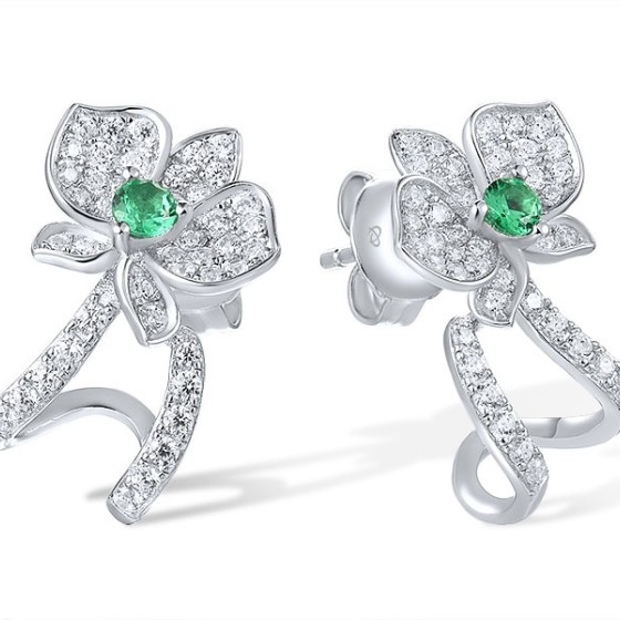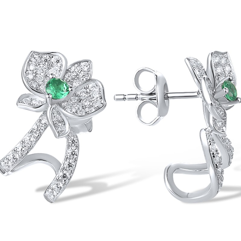 Sterling Silver Earrings Green Spinel,White Cubic Zirconia (E317273GSZSL925)
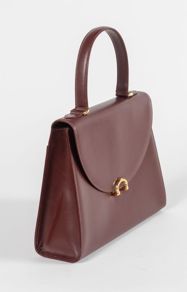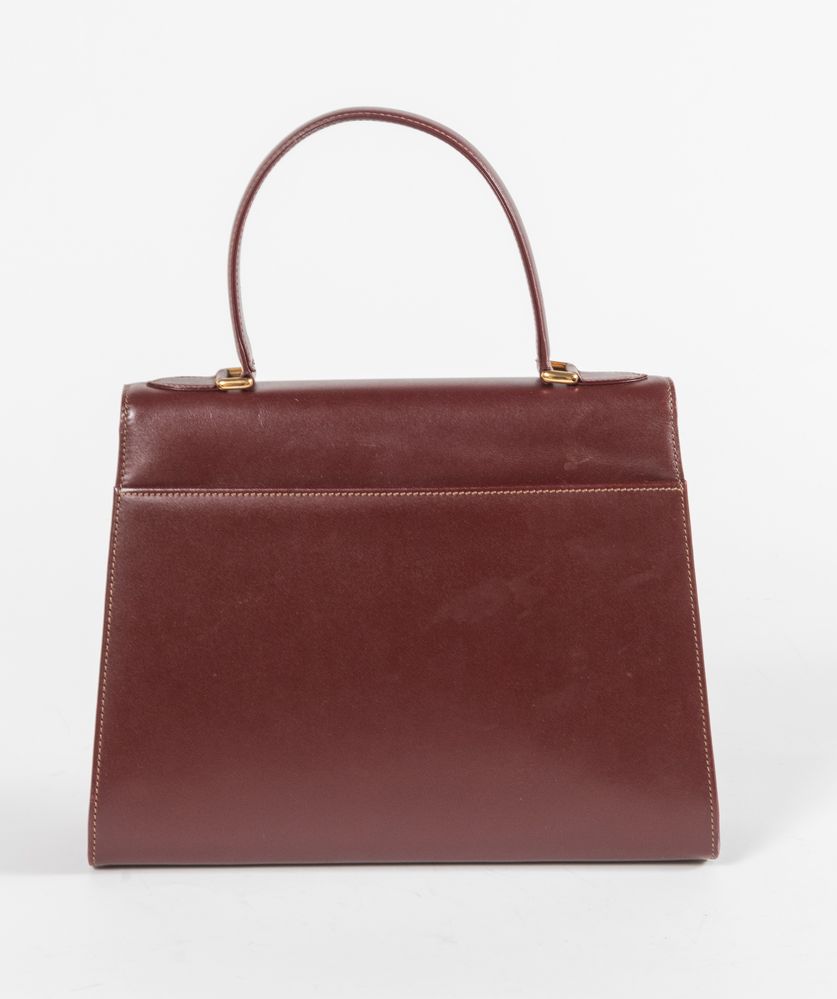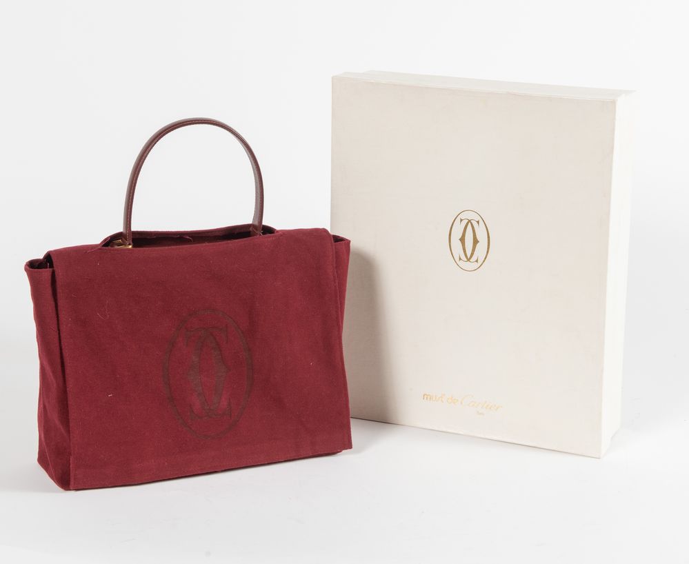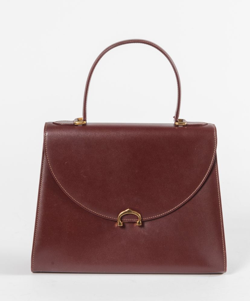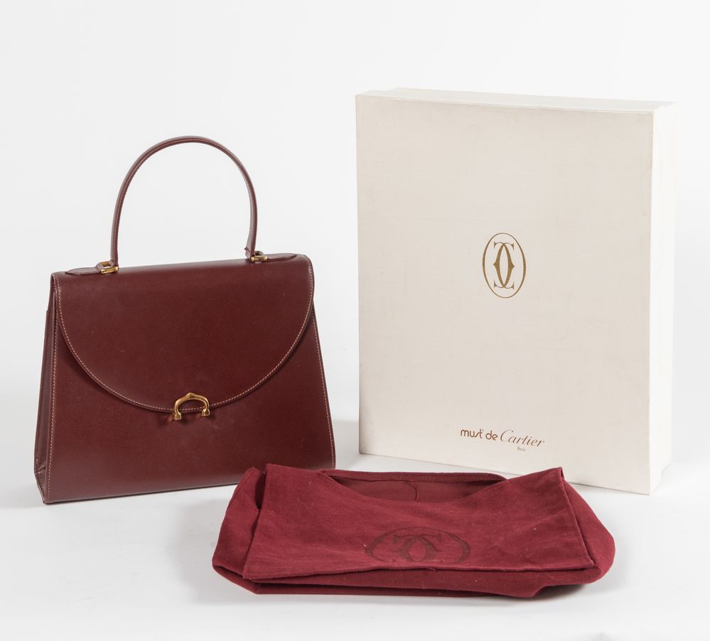 Must de CARTIER Borsa da spalla in pelle liscia bordeaux con dettagli in metallo dorato. Cm 23,5x31,5x10. Altezza con manico: cm 40. Interno in tela logata con tasca chiusa da cerniera. Reca marchi CC, Cartier, Cartier Paris.Corredata di dustbag e scatola originale.
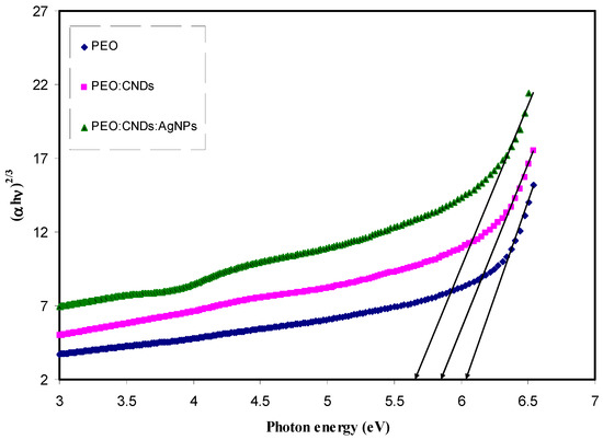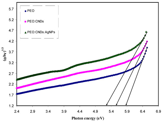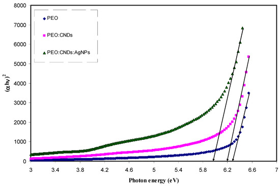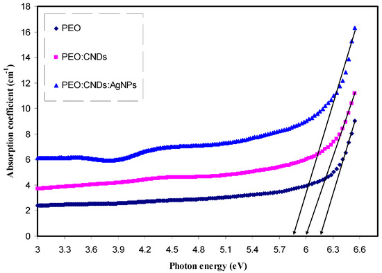 The optical properties of solid-state materials offer a valuable resource for studying energy band structure, lattice vibrations, impurity levels, localized defects, excitons, and certain magnetic excitations. A photon can excite an electron from a filled state in the valence band to an empty state in the conduction band. This process is known as an interband transition and is purely quantum mechanical in nature [62]. In this process, a photon is absorbed to produce an excited electronic state and leaving behind an “electron hole”. In later section, more insights about the electronic transition and band gap study can be grasped. The variation of the absorption coefficients as a function of photon energy for the pure PEO and PEO composite samples were obtained from absorbance measurements at room temperature as shown in Figure 6. The absorption edge values for each sample are tabulated in Table 1. It is clear from the results that the PEO absorption edge has shifted toward lower photon energy with the addition of CNDs and Ag NPs. Such shifting towards the lower photon energy indicates that the optical band gap energy for the doped samples has been decreased [63].
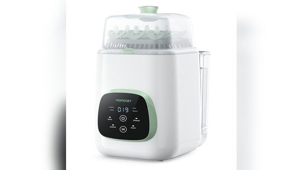 It is easy to use and doesn’t need to be hooked up to a sink, which adds flexibility to where you can place it. While the drying process leaves some moisture in concave areas, bottles remain sterile for up to 72 hours. The size and weight mean it’s not something you’ll move often, but its performance can save time and effort in the busy nighttime routine.

Assignment: Starting at the line that holds "The optical properties", write out every remaining line of the material above exactly as it appears. Pictures should not be copied.

Answer for this exercise:
 The optical properties of solid-state materials offer a valuable resource for studying energy band structure, lattice vibrations, impurity levels, localized defects, excitons, and certain magnetic excitations. A photon can excite an electron from a filled state in the valence band to an empty state in the conduction band. This process is known as an interband transition and is purely quantum mechanical in nature [62]. In this process, a photon is absorbed to produce an excited electronic state and leaving behind an “electron hole”. In later section, more insights about the electronic transition and band gap study can be grasped. The variation of the absorption coefficients as a function of photon energy for the pure PEO and PEO composite samples were obtained from absorbance measurements at room temperature as shown in Figure 6. The absorption edge values for each sample are tabulated in Table 1. It is clear from the results that the PEO absorption edge has shifted toward lower photon energy with the addition of CNDs and Ag NPs. Such shifting towards the lower photon energy indicates that the optical band gap energy for the doped samples has been decreased [63].
 It is easy to use and doesn’t need to be hooked up to a sink, which adds flexibility to where you can place it. While the drying process leaves some moisture in concave areas, bottles remain sterile for up to 72 hours. The size and weight mean it’s not something you’ll move often, but its performance can save time and effort in the busy nighttime routine.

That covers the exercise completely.